Susana raccolse le bucce dei chicchi e le getto’ alle galline affamate. Scolo’ i chicchi e li macino’ in un macinino a manovella di quelli che usava mia nonna fino a formare una pasta con cui fece un bel disco di circa 10 centimetri di diametro, alto circa 5 centimetri di un colore grigio chiaro. Mise sul fuoco una piastra di latta e ci mise sopra l’arepa. In qualche minuto si era formata una crosta fina e croccante e l’arepa era pronta. Pagammo Susana e tornammo al nostro rancho. L’arepa era ottima. Un sapore sconosciuto, il cibo dei Maya degli Atzechi e dei Taraumara. Ma come facessero i Maya a sapere della calce e della cenere rimane un mistero.

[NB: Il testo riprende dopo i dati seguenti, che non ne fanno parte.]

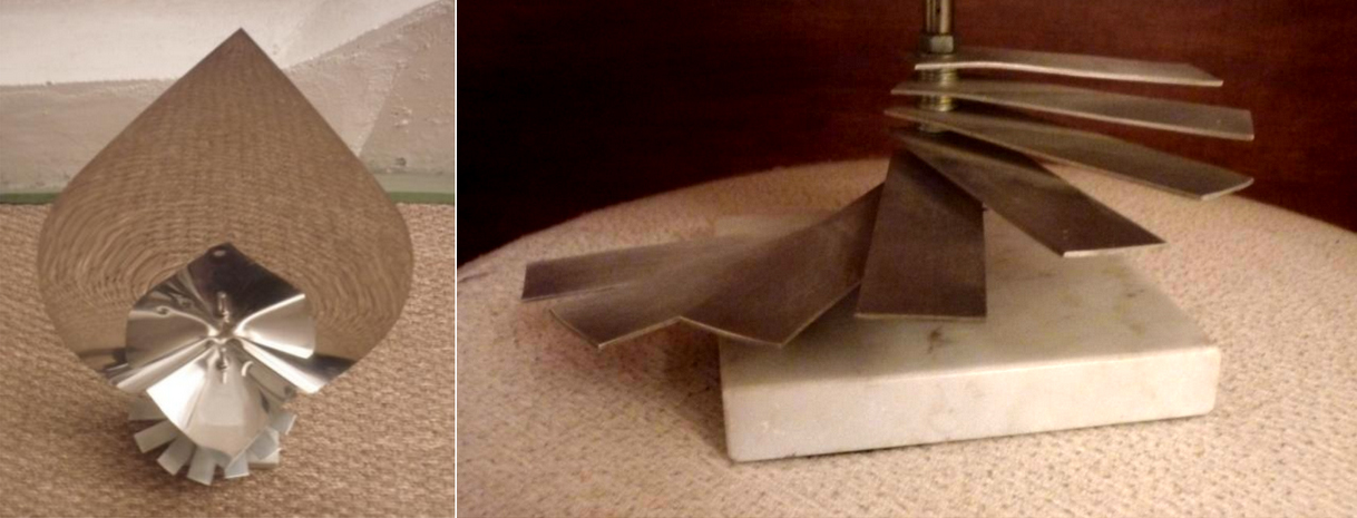 To conclude this section, we have added an example of much thinner plates, metal strips so thin that they can be bended with one's bare hands. Offering yet another connection to plucked thumb pianos, François Baschet designed a series of small-sized pieces for more humble collectors, using steel strips bolted on an axis and connected to steel reverberating speakers, which can work in the same manner with all the elements we have described above.
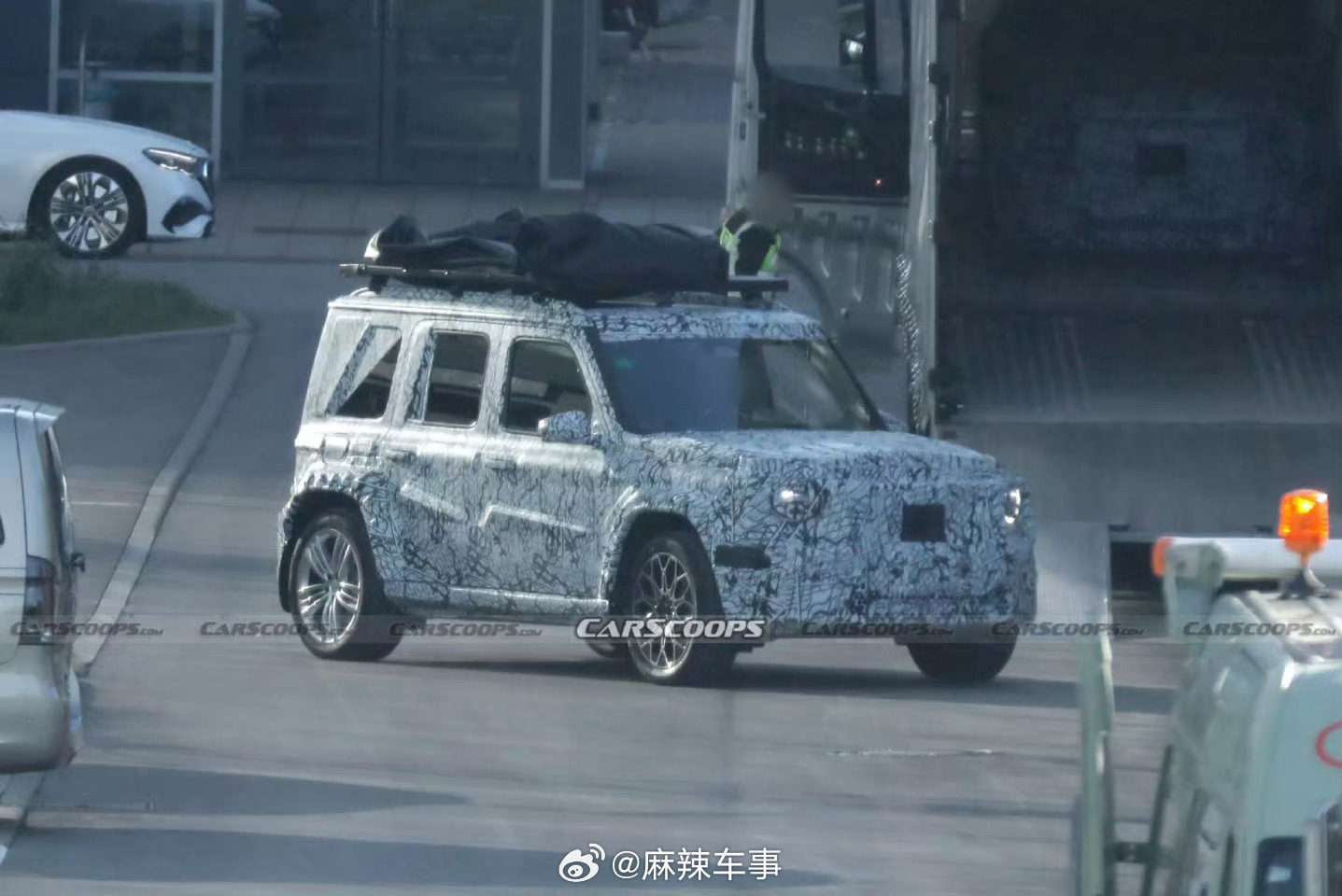 奔驰全新SUV谍照。方盒子造型,大概率是之前说的小G。底盘不高,预计是承载式车身。
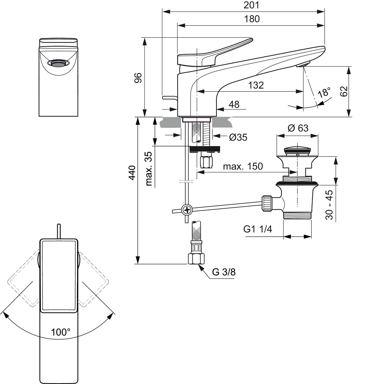 - Opbouwhoogte onderkant kraanmondstuk: 62 mm
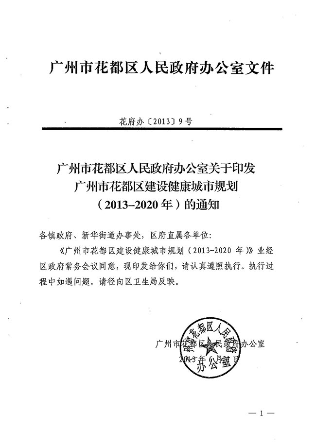 澳门金沙娱乐城官网办公室关于印发澳门金沙娱乐城官网建设健康城市规划(2013-2020年)的通知 【花府办[2013]9号】
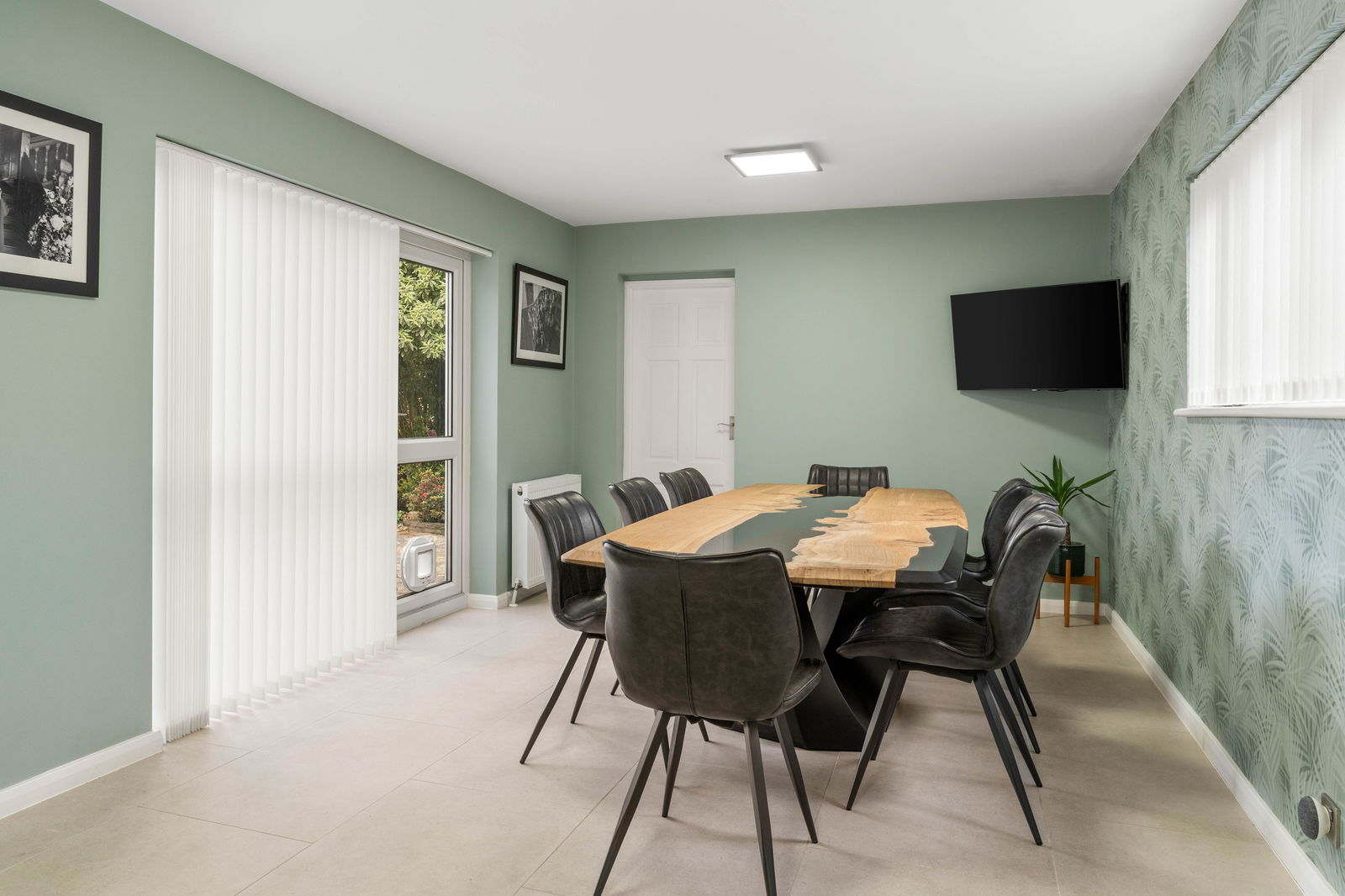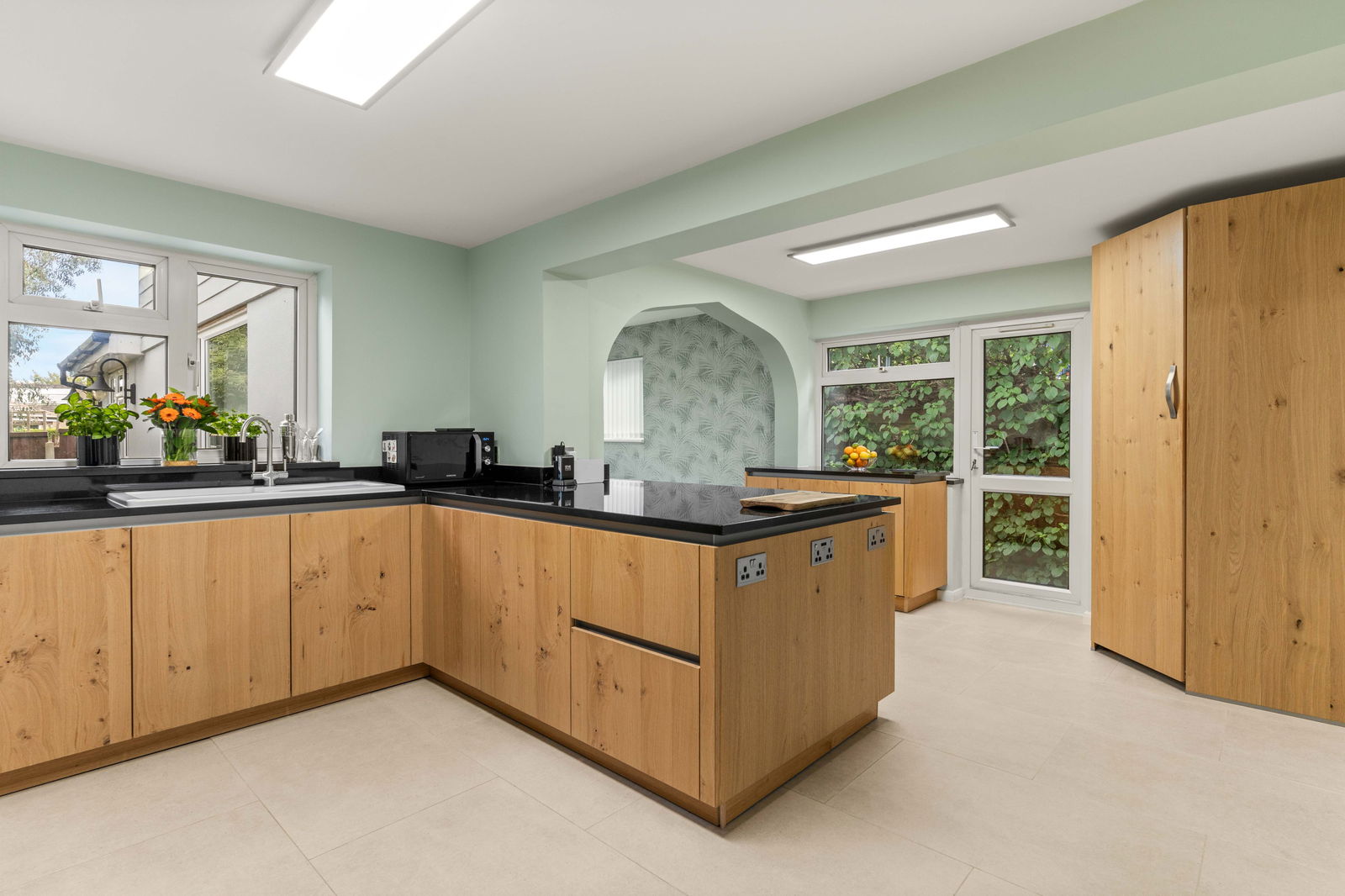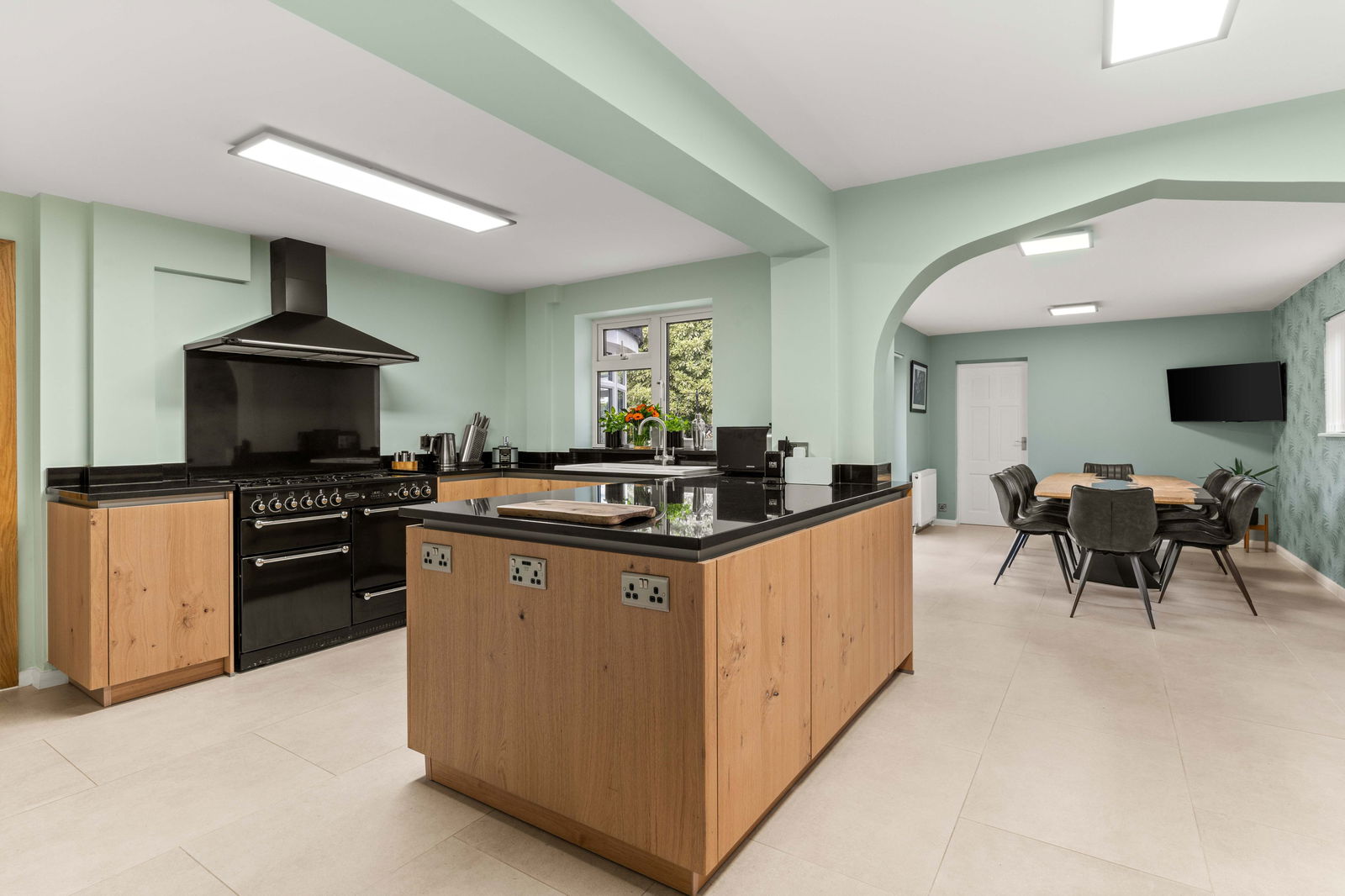 The bespoke kitchen is by the German kitchen design company Schuller and features a Rangemaster cooker, integrated freezer and dishwasher. The fridge is by the Corner Fridge Company and provides a fully integrated fridge and larder offering 1200litres of refrigerated storage. This beautifully styled kitchen flows seamlessly into a further reception room for entertaining. Doors from this entertaining space lead outside onto the morning patio and through to office number two.

   Per arrivare alla spiaggia bisognava attraversare  una selva intricata fatta di cespugli di tutte le dimensioni, alberi che seppur giovani erano gia’ di una altezza considerevole dai cui rami pendevano liane e piante parassite dai fiori coloratissimi. Una festa per gli occhi di un europeo ma una inutile scomodita’ agli occhi di Osiel che non vedeva l’ora di abbattere il tutto e ripulire la terra. Oltre tutto quell’apparente paradiso terrestre era il covo di animali al diverso grado di pericolosita’ a cominciare dai serpenti velenosi di cui Venezuela era uno dei paesi con il maggior numero e diversita’. Ma anche insetti velenosi di varia grandezza e aggressivita’. Per non parlare della possibilita’ di trovarsi di fronte ad un gatto selvatico o “tigre” come veniva chiamata da quelle parti quella specie di puma color caffellatte . Fortunatamente c’era gia’ un sentiero tracciato che seguimmo per una mezz’ora fino ad uscire su una radura dalla quale si intravedeva il mare. Da li’ la via era abbastanza facile. Si attraversava una specie di pineta fino arrivare sulla spiaggia esattamente nel punto dove il fiume sboccava al mare. La spiaggia era lunghissima, chissà una decina di chilometri. Dalla bocca del fiume dove ci trovavamo. Verso sinistra era piena di filari di palme, migliaia di palme di tutte le dimensioni. A destra c’era un laghetto formato dall’acqua del fiume bloccata dalle dune oltre il quale c’erano altri chilometri di spiaggia fino ad un promontorio di rocce rosse. Aprimmo un varco fra le dune e il laghetto spari’ in poco tempo, per ricominciare a formarsi durante la notte. Era il mio primo contatto con una spiaggia tropicale, piena di palme, mare , sole, e completa, assoluta solitudine. In tutti quei chilometri di spiaggia non c’era presenza umana. La solitudine rende liberi e quella spiaggia era l’ultima spiaggia.

Quella notte appendemmo le amache ai pali del soffitto del rancho e dormimmo li’.